I am having trouble around certain aspects of the Keras implementation of LSTM. This is a description of my problem:

I am trying to train a model for word correctness prediction. My model has two types of inputs:

  1. A word sequence (sentence)
  2. And a sequence of features vector (for each word I compute a features victor of 6).

e.g.

input_1 = ['we', 'have', 'two', 'review'] 
input_2 = [
           [1.25, 0.01, 0.000787, 5.235, 0.0, 0.002091], 
           [ 0.0787, 0.02342, 5.4595, 0.002091, 0.003477, 0.0], 
           [0.371533, 0.529893, 0.371533, 0.6, 0.0194156, 0.003297],
           [0.471533, 0.635, 0.458, 0.7, 0.0194156, 0.0287]
          ] 

 gives output = [1, 1, 2, 1]

As each sentence in my training set has different length, I should zero-pad all of my sentences such that they all have the same length.

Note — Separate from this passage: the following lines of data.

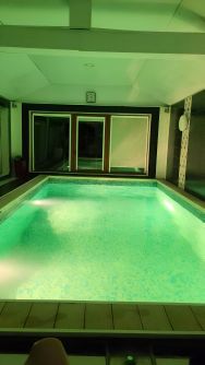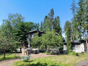 Так же в комплекс входит баня на 112м2. В этом строении имеется крытый бассейн (чаша 7х4м) с круговым остеклением, дровяная финская сауна, гостевая комната с балконом, котельная и сан.узел - есть все для круглогодичного проживания.
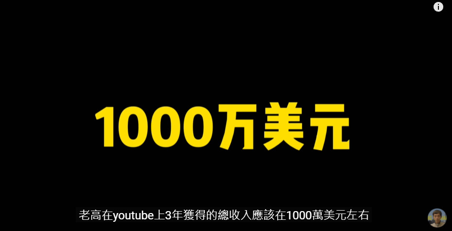 郭煒推估老高3年來從YouTube獲得的總收入大概落在1,000萬美金(約新台幣2億7千萬元) 。看到老高吸金能力超強的一面,郭煒認為那是老高耗費心力的收穫,評論老高的影片雖然並非十全十美,卻也能帶給觀眾「歡笑、價值和想像」。你也喜歡看老高的影片嗎?最喜歡聽老高講哪個主題?
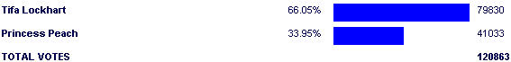 Tifa Lockhart - 64.05% 106 for - 1 against |
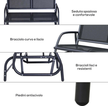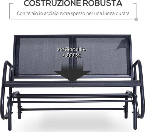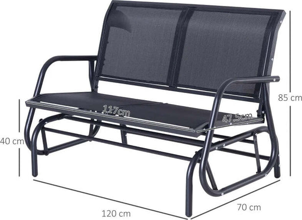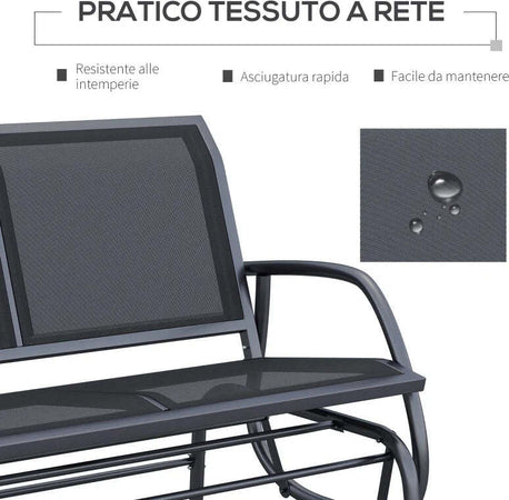 Panchina a Dondolo da Giardino a 2 Posti in Metallo e Tessuto a Rete Traspirante, 120x70x85cm, Nero 01-0893
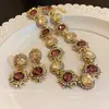 2024 Nova Moda Requintada Colar de Pérola de Imitação de Diamante Completo Suave Celebridade Elegante Brinco Conjunto de Três Peças Tendência
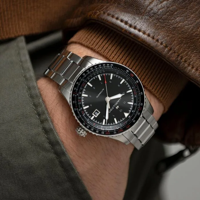 Being a part of the same family, the new Hamilton Khaki Converter watches have a lot in common. First and foremost is the rotating slide rule bezel. In times when a flight runs in autopilot mode for the most time, a slide rule bezel does sound a little impractical, however, it is a nifty feature that can help the wearer make all sorts of unit and currency conversions. Moving on, all watches come with stainless steel cases (PVD treated on some variations) that are water-resistant to 100 meters, are equipped with a nice grippy oversized crown, and feature sapphire crystals on both front as well as the back. The dials like the cases share the same basic layout. So, you get applied lume filled batons and a triangle at 12 for hours, a printed minute track, nicely proportioned lume filled sword-shaped hour and minute hands and a red arrow tipped second’s hand. Now let’s have a quick look at the individual references
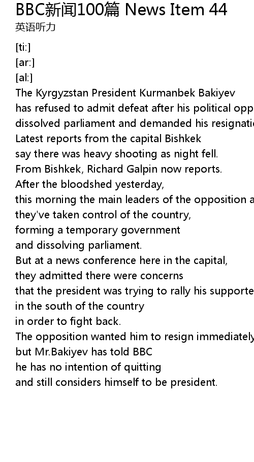 | [00:38.13] | but Mr.Bakiyev has told BBC |
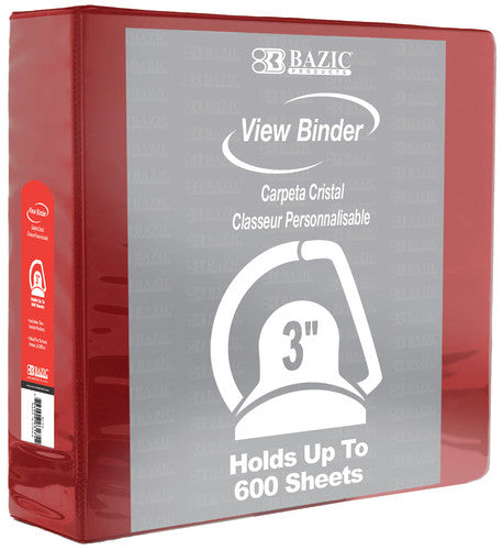 BAZIC Slant D Ring View Binder with 2 Pockets, 3", Burgundy

My question is how about the second input, should I do padding! and how? as they are vectors.

Model Architecture :

input1 = Input(shape=(seq_length,), dtype='int32')
emb = Embedding(input_dim=num_words, output_dim = num_dimension, 
input_length=seq_length, weights=[embeddings], mask_zero=True,trainable=False)(input_layer)

input2 = Input(shape=(seq_length,6 ))
x = keras.layers.concatenate([emb, input2],axis=2)

lstm = LSTM(64, return_sequences=True)(x)
ackwards = LSTM(128, return_sequences=True, go_backwards=True)(x)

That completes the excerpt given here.